可以注意到，和SelectionKey中的事件有一些差别，比如这里没有OP_ACCEPT和OP_CONNECT。那么这两个事件是做什么的🤔？

ACCEPT

public int translateInterestOps(int ops) {
    int newOps = 0;
    if ((ops & SelectionKey.OP_ACCEPT) != 0)
        newOps |= Net.POLLIN;
    return newOps;
}

OP_ACCEPT变成了Net.POLLIN。而对于CONNECT：

public int translateInterestOps(int ops) {
    int newOps = 0;
    if ((ops & SelectionKey.OP_READ) != 0)
        newOps |= Net.POLLIN;
    if ((ops & SelectionKey.OP_WRITE) != 0)
        newOps |= Net.POLLOUT;
    if ((ops & SelectionKey.OP_CONNECT) != 0)
        newOps |= Net.POLLCONN;
    return newOps;
}

POLLCONN和POLLOUT一样均为4，通过socket的状态进行区分。如果socket未连接代表OP_CONNECT,已连接代表OP_WRITE。如果说把POLLIN拆分成ACCEPT和READ尚可理解，那把OUT拆成WRITE和CONNECT是为什么？

OP_CONNECT是在做什么

这里有一个非常容易误解的地方，客户端调用connect,服务端调触发OP_ACCEPT事件，调用accept之后客户端触发OP_CONNECT事件，调用finishConnect。看上去和三次握手完全一致，但完全不是那回事，通过wireshark调试得知在服务端调用accept时三次握手已经完成了。那么OP_CONNECT和finishConnect分别是在做什么？

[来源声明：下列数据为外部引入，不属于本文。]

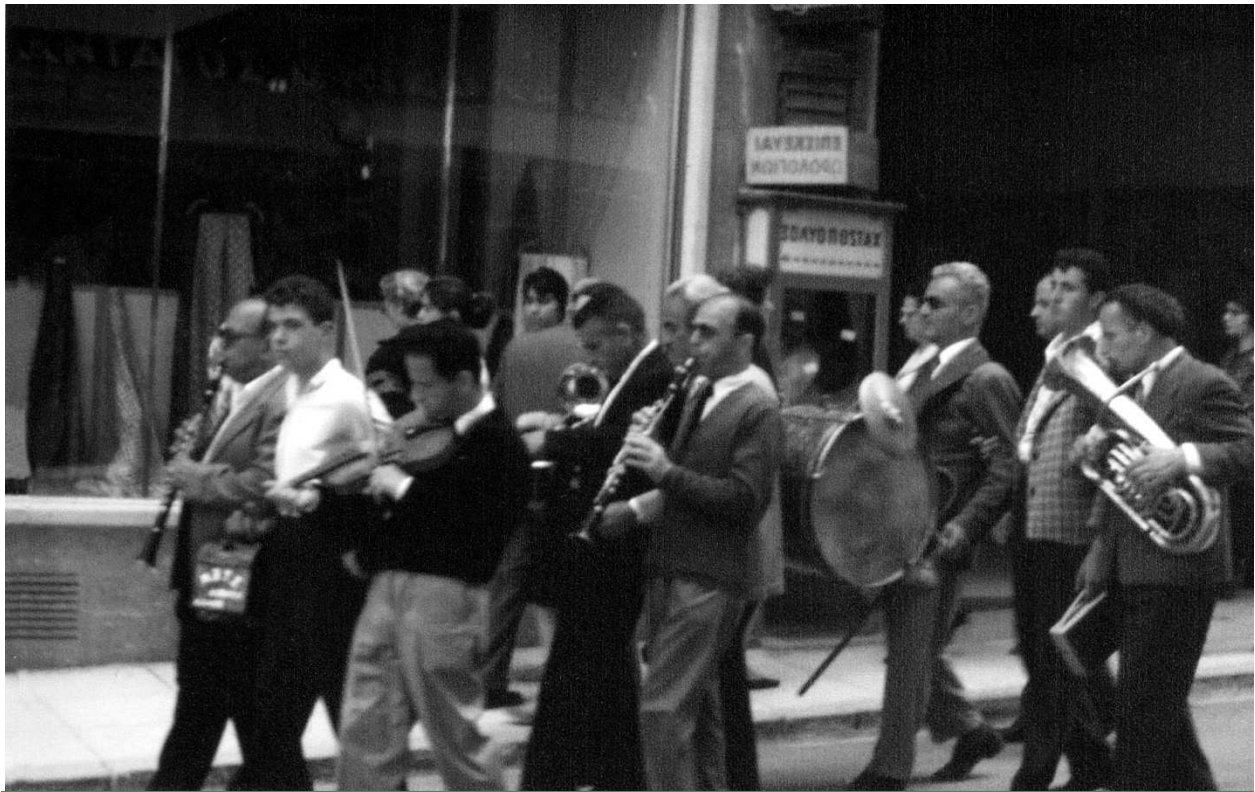
Marching band for the blind.

Saturday, May 13, 1961, 87 th Day Athens, Greece

1	boolean polled = Net.pollConnectNow(fd);

这是一个native方法：

jint fd = fdval(env, fdo);
struct pollfd poller;
int result;

poller.fd = fd;
poller.events = POLLOUT;
poller.revents = 0;
if (timeout < -1) {
    timeout = -1;
} else if (timeout > INT_MAX) {
    timeout = INT_MAX;
}
result = poll(&poller, 1, (int)timeout);

可以看到jni方法只是在用poll()检查该fd的POLLOUT事件。而POLLOUT表示socket缓冲区可写，隐含连接已经建立。所以对于阻塞的finishConnect()，他会阻塞到连接建立，而非阻塞的finishConnect，用返回值代表连接是否建立。这个方法名很有误导性，~~建议改为doesItFinishConnect~~，或者说非阻塞的connect好像用处不大。

错误

epoll事件转换为NIO事件：

public boolean translateReadyOps(int ops, int initialOps,
                                 SelectionKeyImpl sk) {
    int intOps = sk.nioInterestOps(); // Do this just once, it synchronizes
    int oldOps = sk.nioReadyOps();
    int newOps = initialOps;

    if ((ops & Net.POLLNVAL) != 0) {
        // This should only happen if this channel is pre-closed while a
        // selection operation is in progress
        // ## Throw an error if this channel has not been pre-closed
        return false;
    }

    if ((ops & (Net.POLLERR | Net.POLLHUP)) != 0) {
        newOps = intOps;
        sk.nioReadyOps(newOps);
        // No need to poll again in checkConnect,
        // the error will be detected there
        readyToConnect = true;
        return (newOps & ~oldOps) != 0;
    }

    if (((ops & Net.POLLIN) != 0) &&
        ((intOps & SelectionKey.OP_READ) != 0) &&
        (state == ST_CONNECTED))
        newOps |= SelectionKey.OP_READ;

    if (((ops & Net.POLLCONN) != 0) &&
        ((intOps & SelectionKey.OP_CONNECT) != 0) &&
        ((state == ST_UNCONNECTED) || (state == ST_PENDING))) {
        newOps |= SelectionKey.OP_CONNECT;
        readyToConnect = true;
    }

    if (((ops & Net.POLLOUT) != 0) &&
        ((intOps & SelectionKey.OP_WRITE) != 0) &&
        (state == ST_CONNECTED))
        newOps |= SelectionKey.OP_WRITE;

    sk.nioReadyOps(newOps);
    return (newOps & ~oldOps) != 0;
}

可以看出：

POLLNVAL没有设置任何ReadyOps，POLLNAVAL的值为32，在上表中没有对应的项。如注释所说，应该是API使用错误不去管他。
POLLERR和ROLLHUP原封不动复制了intOps，也就是会触发所有注册的事件。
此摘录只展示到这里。